Wenn ein solches Kind wie das Zarathustra-Kind von einer höheren Wesenheit ausgefüllt ist, so ist natürlich das Körperchen unreif und muß erst reif gemacht werden. Da ist das, was die menschliche Organisation ist, die Verstandes- und Sinnesorganisation, gleichsam aufgeplustert. Ein solches Kind ist in einer Welt, welche ganz gut wirklich mit dem «bei wilden Tieren sein» dargestellt werden kann. Wir haben schon öfter dargestellt, wie bei derartigen Schilderungen Historisches und Bildliches nur zwei verschiedene Seiten derselben Sache sind. Da spielen sich die Geschehnisse so ab, daß dasjenige, was die spirituellen Mächte sind, wenn es äußerlich als Feindliches sich geltend macht wie beim Zarathustra-Kinde, sich zum Beispiel in der Person des Königs Duransarum zeigt. Das Ganze ist aber auch in seinem Urbilde in der geistigen Welt vorhanden, so daß die äußeren Handlungen dem entsprechen, was innerhalb der geistigen Welt geschieht. Diese Seele des Zarathustra-Kindes wurde also wirklich in früher Jugend in große Gefahren geführt; aber zu gleicher Zeit standen ihr helfend zur Seite, wie es in der Legende heißt, die himmlischen Kühe; die stärkten sie. Bei allen großen Weltanschauungsstiftern in dem ganzen Gebiet vom Kaspischen Meer durch unsere Gegenden hindurch bis zum Westen Europas können Sie diese Erscheinung finden, daß solche Persönlichkeiten, ohne daß sie durch ihre eigene Entwickelung emporgestiegen wären, durchdrungen werden von einer geistigen Wesenheit, um zu Menschheitsführern zu werden. Das keltische Volk hatte solche Sagen in ziemlich großer Anzahl. Von einem keltischen Religionsstifter Habich wird geschildert, wie er auch ausgesetzt und von himmlischen Kühen gesäugt wurde, wie feindliche Angriffe sich geltend machten, wie die Tiere zurückweichen vor ihm, kurz (alle) diese Schilderungen der Gefahren sind so, daß man sagen könnte: Es sind von den 7 Zarathustra-Wundern einige ausgewählt. Einige Züge aus den Zarathustra-Wundern finden Sie immerdar, durch Griechenland hindurch bis in die keltischen Gegenden. Sie brauchen nur an Romulus und Remus zu denken, um ein konkretes Beispiel zu haben. [6]

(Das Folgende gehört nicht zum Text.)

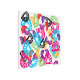 Diseño abstracto que simboliza el punto en común de España y Nueva Zelanda por ser antípodas. Las rodajas de kiwi neozelandeses se confunden con los abanicos españoles, con el color rojo pasión y tonos rosas de España, el azul del Mediterráneo y el verde de Nueza Zelanda.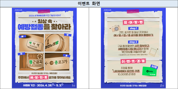 둘째 날 ~ 마지막 날 동안에는 예방접종 온라인 참여이벤트가 진행된다.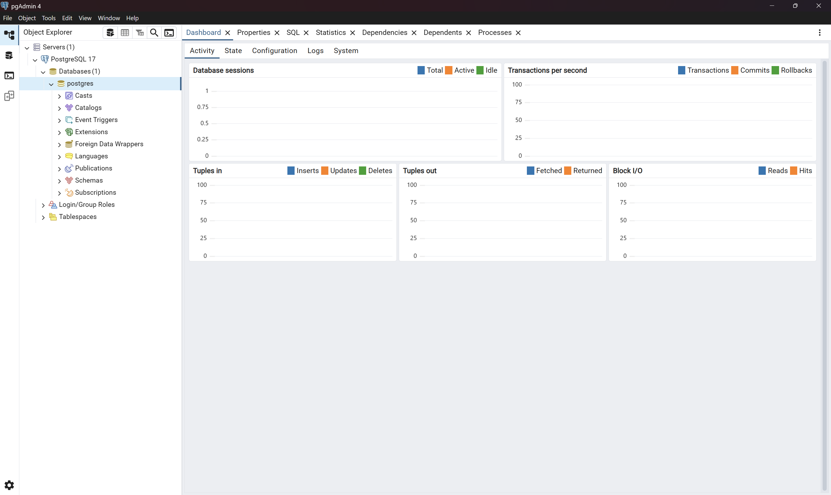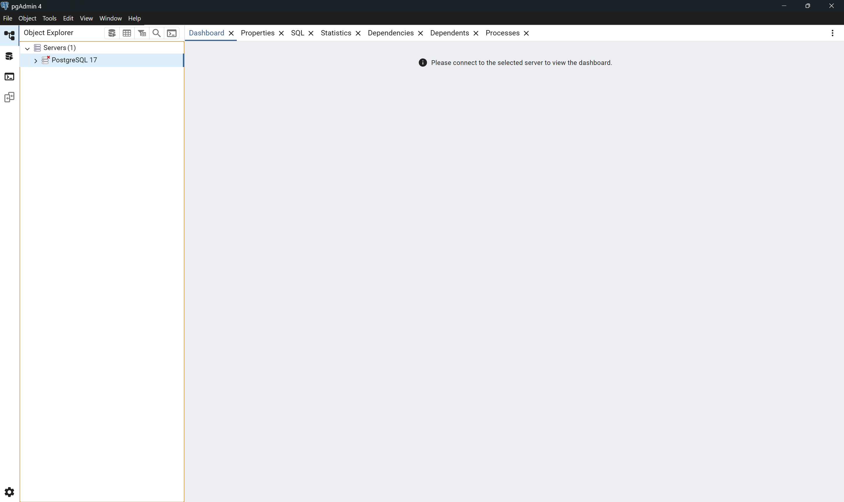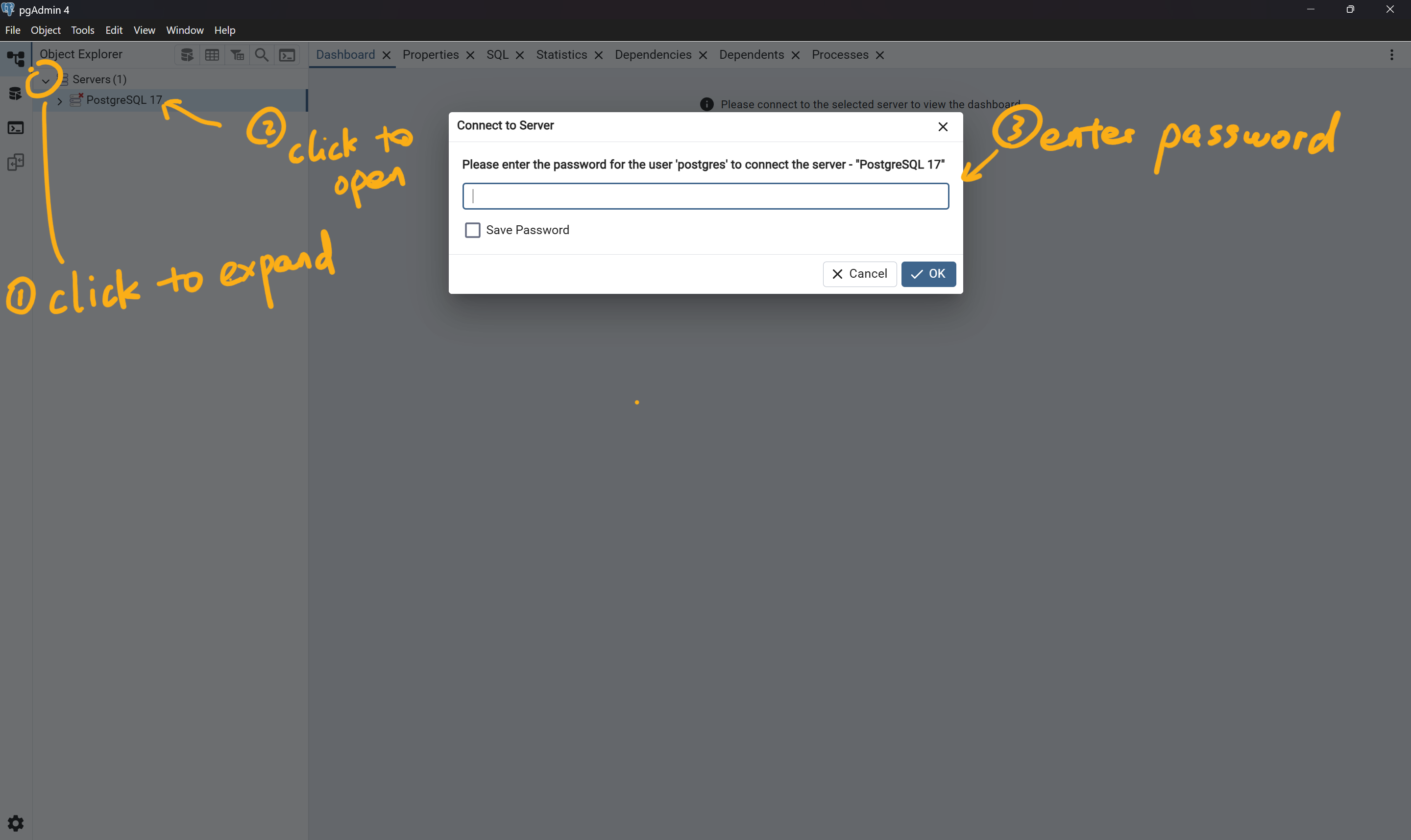 - Once admin tool is open, expand on “Servers” list and open the default server, here it is called “PostgreSQL 17”. You will be prompted to enter the same password (PostSQL1234) that we setup earlier.
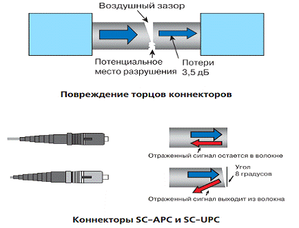 У конекторі APC торець скошений під кутом 8 °, тому відображена від кордону частина оптичного сигналу виходить з волокна (рисунок 1.7). При з'єднанні двох ідеально очищених конекторів UPC зворотнього відображення не відбувається зовсім, але якщо на кордоні мається бруд, то виникають серйозні проблеми через відбитий сигнал. Оскільки в польових умовах, як уже говорилося, уникнути забруднення конекторів набагато складніше (ніж у приміщенні вузла зв'язку), то в зовнішній мережі рекомендують застосовувати конектори APC, які не погіршують характеристики каналу через зворотнє відображення.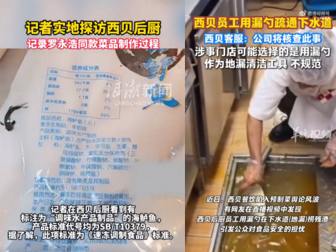 9月12日起,中國藍新聞、百姓315等多家媒體紛紛實地直播探訪各地西貝門店,先后曝出西貝門店后廚使用電磁爐而無明火灶;餐品原材料使用多種保質期數(shù)月以上的冷凍食材,包括用于制作兒童餐的“速凍西藍花”、生產(chǎn)自2024年9月的“凍羊腿”、含食品添加劑的“凍海鱸魚”;部分餐品使用轉基因大豆油等后廚情況。此外媒體直播還顯示,西貝員工疑似使用廚具漏勺打撈疏通下水道。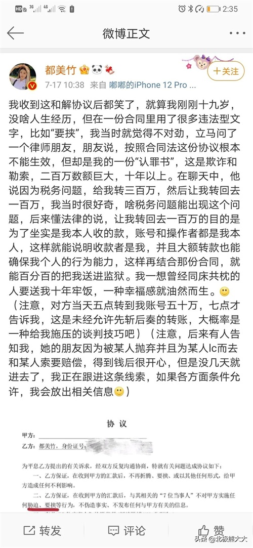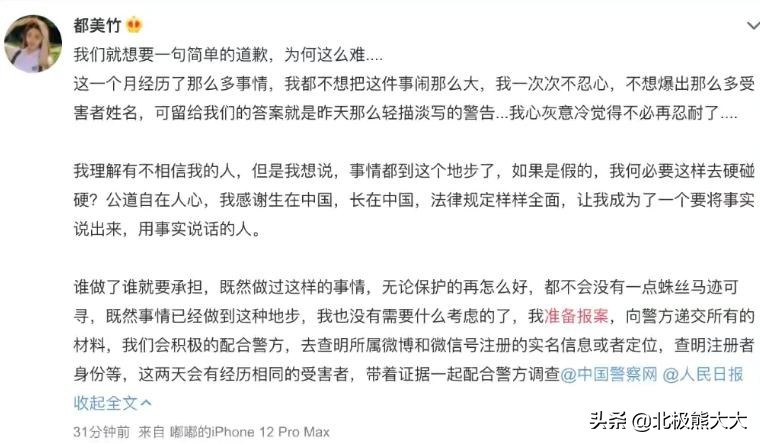 都美竹在文中表示准备报案,将会积极向警方提交所有材料,也会有其他受害者,带着证据一起配合警方调查。

Zarathustra ist die erste nachatlantische Persönlichkeit als historische Persönlichkeit –, die in jene Form des Mysterien-Wissens, das eigentlich nachatlantisch ist, eingeweiht war, in welcher das Wissen so präpariert wird, daß es im Grunde genommen erst verständlich wird für Vernunft und Verstand der nachatlantischen Menschheit. [7]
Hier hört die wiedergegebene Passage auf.